By Myra P. Saefong / MarketWatch

SAN FRANCISCO
Petroleumworld 02 05 2019

Oil futures fell Tuesday, with U.S. benchmark prices settling at their lowest in a week as investors weighed concerns about global energy demand against the price-supportive news from the political crisis in Venezuela.

Production cuts by members of the Organization of the Petroleum Exporting Countries and its allies, including Russia, “continued to add tailwinds from the supply side of the market, while trade fears and concerns of a general slowing of global demand growth look to hold prices lower,” said Robbie Fraser, global commodity analyst at Schneider Electric.

West Texas Intermediate crude oil for March delivery US:CLG9 fell 90 cents, or 1.7%, to settle at $53.66 a barrel on the New York Mercantile Exchange after trading as high as $55.21. Front-month contract prices marked their lowest settlement Tuesday since Jan. 29, according to FactSet data. They saw a recent peak at $55.26 on Friday, which marked a roughly 2½-month high and created a point of chart congestion that prompted some consolidation, traders said.

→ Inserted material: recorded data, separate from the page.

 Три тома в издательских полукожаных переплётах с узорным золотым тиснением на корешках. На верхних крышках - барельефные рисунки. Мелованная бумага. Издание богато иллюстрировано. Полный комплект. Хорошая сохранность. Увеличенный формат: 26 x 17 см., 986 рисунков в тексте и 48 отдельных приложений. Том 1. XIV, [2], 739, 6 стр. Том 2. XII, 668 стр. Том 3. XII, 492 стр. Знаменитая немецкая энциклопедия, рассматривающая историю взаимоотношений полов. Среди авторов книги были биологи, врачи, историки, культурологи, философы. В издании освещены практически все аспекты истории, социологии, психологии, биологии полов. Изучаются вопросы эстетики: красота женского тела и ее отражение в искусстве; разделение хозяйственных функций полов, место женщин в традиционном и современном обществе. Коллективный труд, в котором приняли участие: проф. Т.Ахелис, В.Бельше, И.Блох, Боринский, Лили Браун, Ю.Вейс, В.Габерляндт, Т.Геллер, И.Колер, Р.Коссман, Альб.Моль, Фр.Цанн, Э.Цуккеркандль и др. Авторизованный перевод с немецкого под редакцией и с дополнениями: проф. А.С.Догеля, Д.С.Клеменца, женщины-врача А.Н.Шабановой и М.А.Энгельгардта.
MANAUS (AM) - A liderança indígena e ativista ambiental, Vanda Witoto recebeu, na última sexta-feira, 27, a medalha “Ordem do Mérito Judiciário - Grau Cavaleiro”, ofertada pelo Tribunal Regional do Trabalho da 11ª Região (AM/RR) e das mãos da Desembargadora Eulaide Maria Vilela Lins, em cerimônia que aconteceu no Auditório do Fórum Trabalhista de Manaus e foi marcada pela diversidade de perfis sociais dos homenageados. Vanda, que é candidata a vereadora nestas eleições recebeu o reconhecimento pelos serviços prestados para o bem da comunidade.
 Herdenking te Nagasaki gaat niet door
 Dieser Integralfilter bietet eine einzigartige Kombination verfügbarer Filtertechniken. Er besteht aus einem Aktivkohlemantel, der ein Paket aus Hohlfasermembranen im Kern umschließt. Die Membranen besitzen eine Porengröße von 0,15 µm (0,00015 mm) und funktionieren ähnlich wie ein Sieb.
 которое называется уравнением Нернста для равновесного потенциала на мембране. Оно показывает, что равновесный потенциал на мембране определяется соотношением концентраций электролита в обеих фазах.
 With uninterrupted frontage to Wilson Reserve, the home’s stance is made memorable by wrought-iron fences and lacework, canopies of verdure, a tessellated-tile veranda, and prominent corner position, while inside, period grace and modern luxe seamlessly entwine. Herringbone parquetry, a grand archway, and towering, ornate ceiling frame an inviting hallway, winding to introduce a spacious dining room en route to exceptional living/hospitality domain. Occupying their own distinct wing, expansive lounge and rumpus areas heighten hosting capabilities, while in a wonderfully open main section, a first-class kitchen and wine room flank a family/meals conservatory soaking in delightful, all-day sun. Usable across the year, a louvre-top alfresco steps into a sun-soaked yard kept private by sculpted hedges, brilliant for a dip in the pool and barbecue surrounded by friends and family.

April Brent LCOJ9, -0.64% shed 53 cents, or 0.9%, to $61.98 a barrel on ICE Futures Europe. It had traded up above $63 early Tuesday.

“With or without any OPEC+ cuts, the market will want to see tangible evidence of a tighter supply/demand balance before shifting the recent price band higher, with U.S. crude stocks still well above the five-year average to start the year,” said Fraser, in a Tuesday note.

“With that in mind, keep an eye on [American Petroleum Institute supply] data later [Tuesday], followed by tomorrow's more definitive [Energy Information Administration] print, where a mixed consensus of expectations leaves room for stronger than anticipated draw to crude stocks to bring in some mid-week price support,” he said.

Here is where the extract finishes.